Эдвард Сэмпсон, психолог, который много пишет об американской культуре, заметил, что нас приучили «воспринимать равенство как естественное состояние общества, а любое отклонение от этого принципа – как несвойственное людям». Однако предположение, что люди должны получать поощрение и награды в соответствии с собственными поступками, «не столько следствие человеческой психологии, сколько результат принятых в культуре социальных практик»[59 - Sampson, 1975, с. 58.]. Это не значит, что точка зрения, что люди, достигшие чего-то, должны получать награду, становится необоснованной; скорее это означает, что подобный подход не может быть самоочевидным и требует обоснования, то есть не должен восприниматься как естественный, неизбежный и всегда справедливый.

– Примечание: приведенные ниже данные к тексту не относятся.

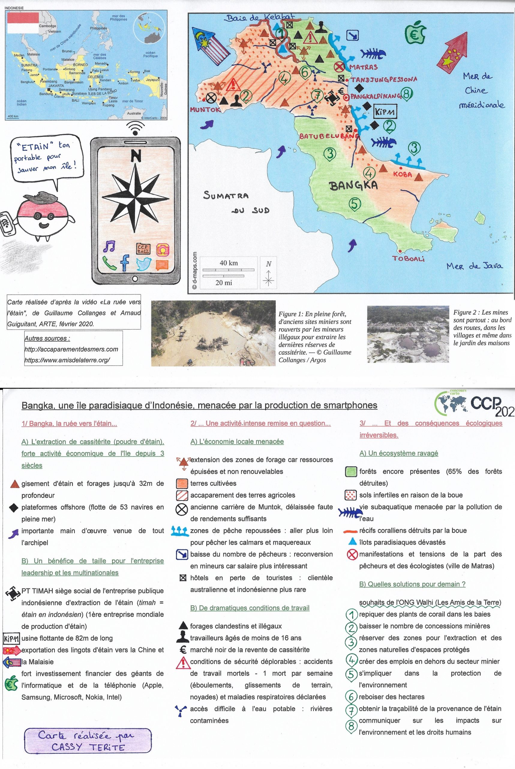 Déjà je trouve votre carte très très belle. Elle est colorée, lisible et agréable à observer. Votre légende est super organisée. Tous les figurés de votre légende sont sur votre carte même si cela a peut vous paraitre évident j’ ai vu d’ autre carte où ce n’ était pas le cas. Et de plus elle est très complète. Vous parler beaucoup de ‘ impacte que cette exploitation à sur l’ environnement et l’ écologie. Vous avez bien mis en avant que cette économie surpasse toues les autre sur cette île et que l’ étain est vraiment présent partout. Avec les commerces illégaux, l’ abandons de la pêche pour s’ orienter vers ce secteur, les mines dans les endroit les plus improbables… Mais je ne vais pas vous refaire l’inventaire de votre carte dans mon humble commentaire . Vous expliquez bien que c ‘est avec l’ étain que l’on fabrique les portables, tablettes, etc… Je trouve cela génial le jeux de mots que vous avez fait avec le mots étain/éteint. Qui, en plus d’ être drôle est engager. Vous avez rajouter des photos ce qui complète encore un peu plus votre carte. Et le territoire que vus cartographiez est relativement localisable dans le monde.

До этого момента я, говоря о поощрении, имел в виду вообще любые виды ресурсов, подлежащие распределению. Такой подход годится в ситуации, например, когда принимается решение о распределении прибыли компании в конце финансового года, но оно не вполне корректно описывает и другие виды поощрения, к примеру школьные оценки, или золотые звездочки, или даже простую похвалу. Многие виды вознаграждений придуманы специально для того, чтобы стимулировать определенное поведение. И если принцип равенства и применим в подобных ситуациях, он не может основываться на правилах расчета размера денежной компенсации.

Не так давно я слышал, как учительница из Миссури объясняла, что раздает ученикам младших классов наклейки потому, что те их «заслужили». Мне показалось, что это слово указывает на попытку отвлечь внимание (и, возможно, снять с себя ответственность) от того факта, что она понимает обучение как нечто, что человек готов делать в обмен на награду, то есть что обучение само по себе ценности не имеет. Тогда сколько наклеек нужно выдать за отсутствие ошибок в диктанте? Одну? Десять? А почему не предложить доллар? Или даже сотню? Какой бы ни была форма вознаграждения, можно утверждать, что получивший ее ученик «заслужил» ее, но, так как он не нуждается в этих наклейках, то есть их нельзя распределять в соответствии с реальными потребностями, нам придется признать, что и величина поощрения определяется учителем совершенно произвольно, и само решение наградить или поощрить кого-то связано скорее с теорией обучения, чем с концепцией справедливости.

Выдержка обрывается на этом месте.